MasterCard explained the prepaid industry is estimated to be worth globally some USD822 billion by 2017, with a 22% year on year growth. In Europe alone, USD149 billion by 2017, representing 27% growth year on year.
"When I look at Central and Eastern Europe, it is still in its early stage of prepaid evolution and development," said Lanford.
"Here we are still seeing really large double digit growth anywhere from 27 to 30-40-50%," he added.
The main reason for this impressive growth is that these markets have a large financially under-served population: in Turkey, 80% of the population is unbanked, a similar rate found in countries such as Romania, Poland, the Czech Republic and Croatia.
"A large unbanked population helps increase the prepaid industry’s strength, because it solves the problem of financial excluded citizens," Lanford added.
"This conference is about educating the market place, educating banks, educating the eco-system, and understand where the opportunity for prepaid exists, and helping them to realise this opportunity," he concluded.

Starting from scratch
The Communist legacy is certainly a factor to consider when looking at the potential for electronic payments in the country, says Visa Country Manager for Czech Republic Miloslav Kozler. "We have started from scratch. 20 years ago we had only cash and basic savings books. We never had paper cheques, for example, so we jumped directly from saving books to plastic cards.
"Another characteristic is that all Visa cards are EMV and 95% of all cards issued here are debit cards. The impact of Czech Republic’s recent history is also evident in the ratio between cash and merchants’ volume, with 25 merchants and 75 ATMs.
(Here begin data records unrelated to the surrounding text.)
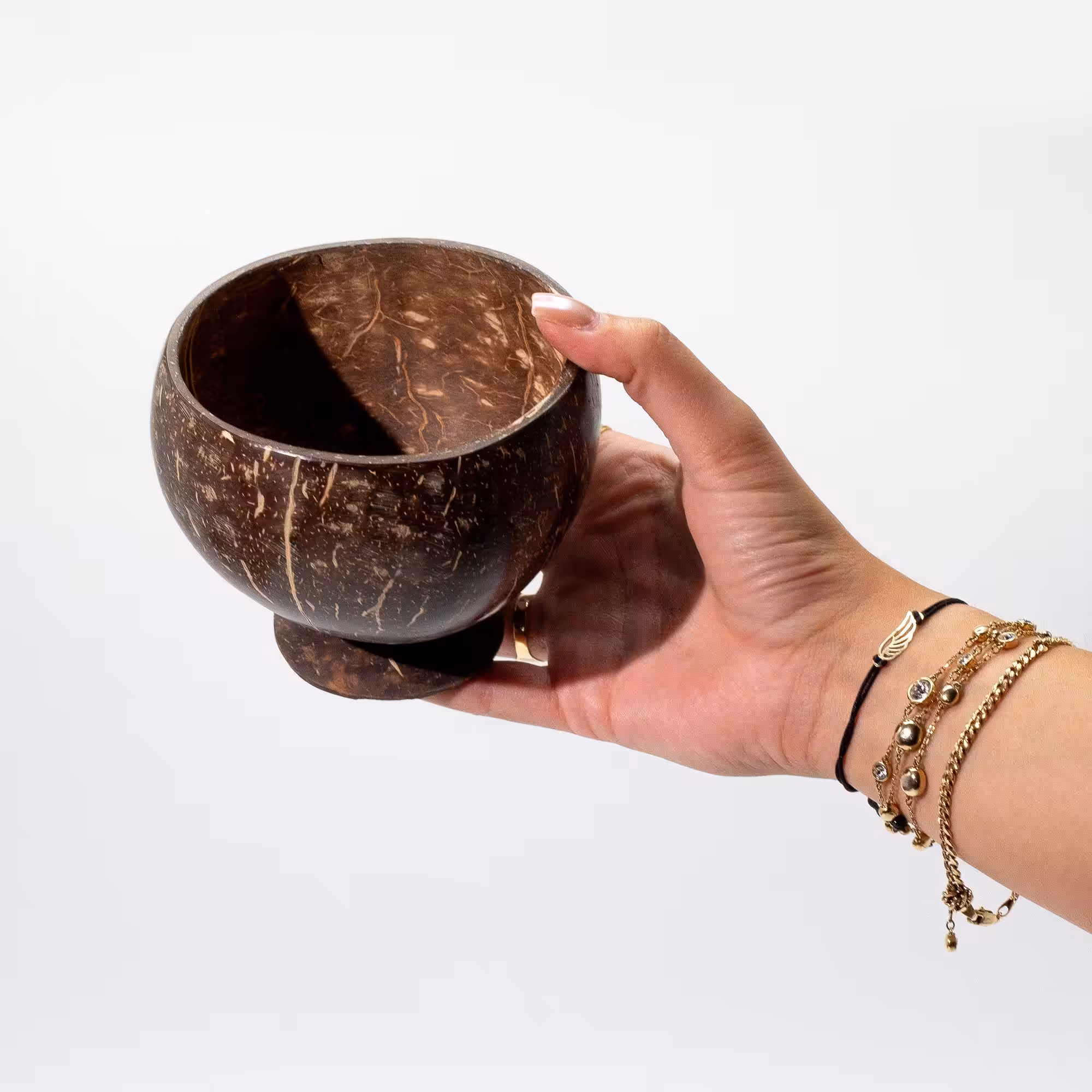 Bring a touch of nature into your home with this beautifully polished coconut bowl, handmade in Indonesia. Each bowl sits on a matching wooden stand, giving it a stable base and a stylish, natural look.
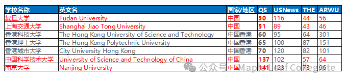 QS相同排位的中国大学:
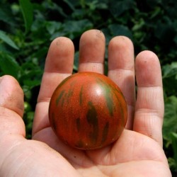 De kleinste tomaatjes in ons sortiment noemen we kerstomaatjes of pingpongtomaatjes, naargelang de grootte. Enkele variëteiten zijn langwerpig of hartvormig en krijgen navenant een iets andere benaming. Sommige zijn zelfs oorspronkelijke, wilde soorten. De meesten smaken extra zoet, een enkeling heeft een zoetzure smaak. Kerstomaten liggen het dichtst bij de oorspronkelijke soorten, wellicht daardoor zijn ze o.h.a. beter bestand tegen de gevreesde aardappelziekte. Een vroeg oogstbare rode, vrij kleine tomaat (pingponggrootte) met groene strepen. De smaak van de sappige vruchten is fruitig en aromatisch met een spannend scherp tintje. Heerlijk voor tomatensalsa!
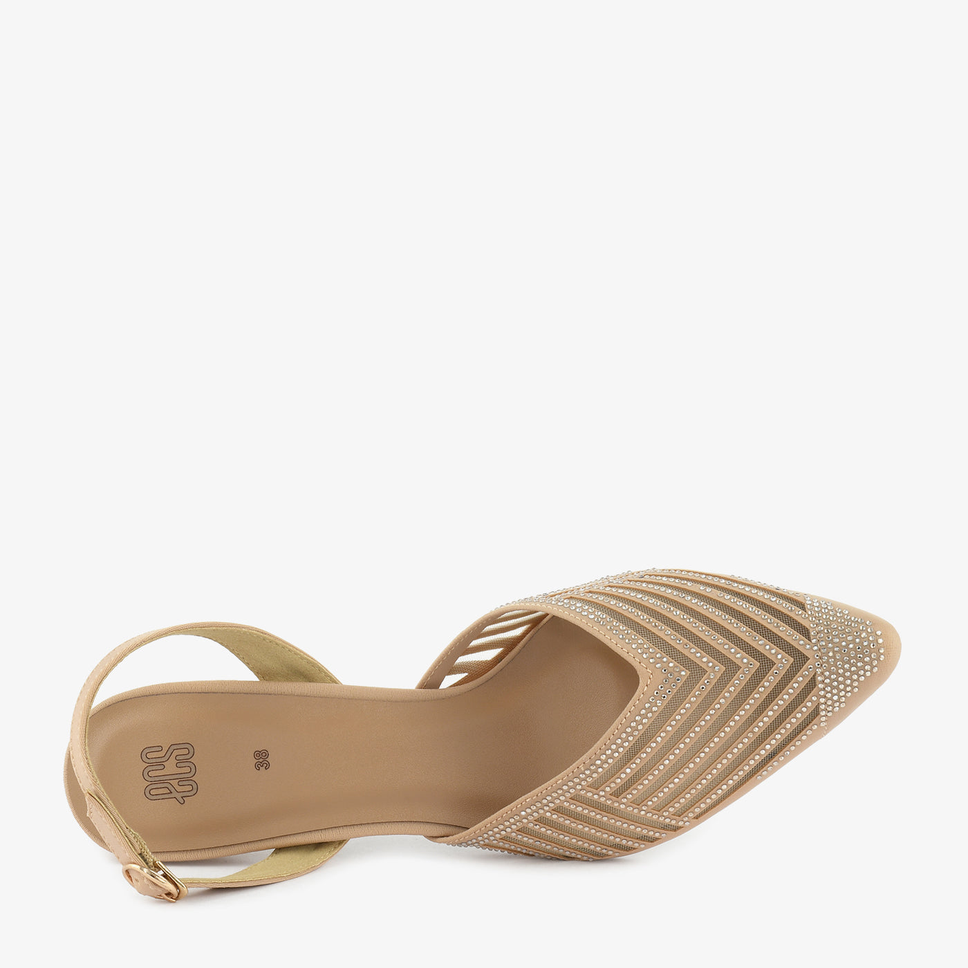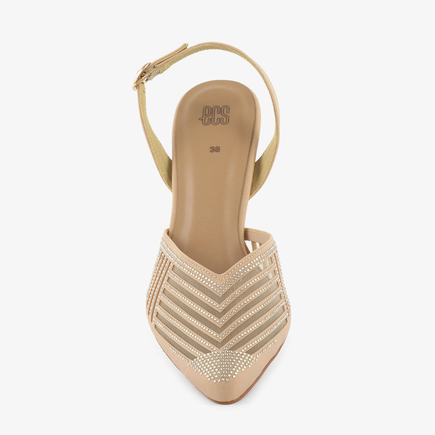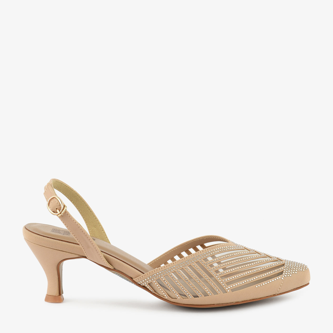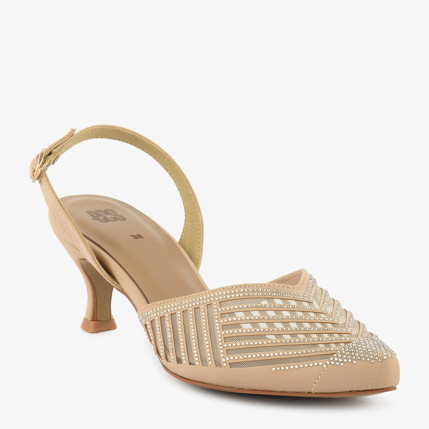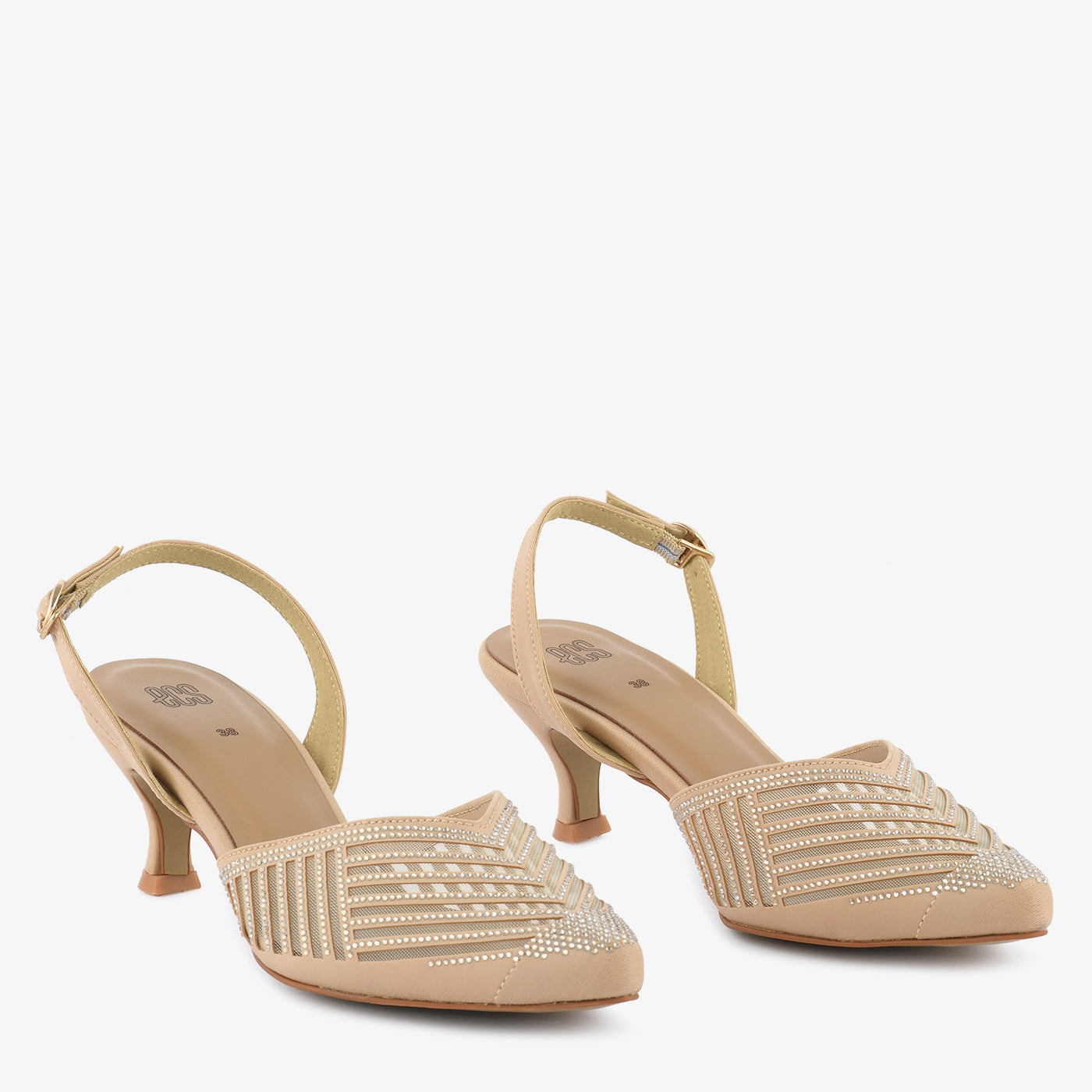 A sleek black sandal adorned with metallic studs for modern sophistication. The open-back design and pointed toe lend a refined yet edgy charm. Crafted for comfort, it transitions seamlessly from daywear to evening looks.

In Western Europe it’s the other way round," Kozler said.
Poland is one Eastern European market that has seen extraordinary success and growth in prepaid.
Bank Zachodni’s Business Development Manager Michal Kuczmierowski highlighted some of the elements that contribute to that success.
"There are new possibilities for the business," he said. "People have to understand prepaid as a product, with many functionalities and much more secure than credit and debit cards."
Francesco Burelli, partner at the Value Partners consultancy said that when global banks entered Eastern European markets, prepaid was often the first step prior to opening a bank account, and educating customers in the use of plastic while minimising the associated risk.
"Over the last 10 years the market has then evolved with debit cards and now prepaid offers opportunities not dissimilar those of Western markets. Needless to say that each country has followed its own path and has its own degree of unexploited prepaid potential but generally the potential proposition are the same with high potential for general purpose and corporate in particular," he said.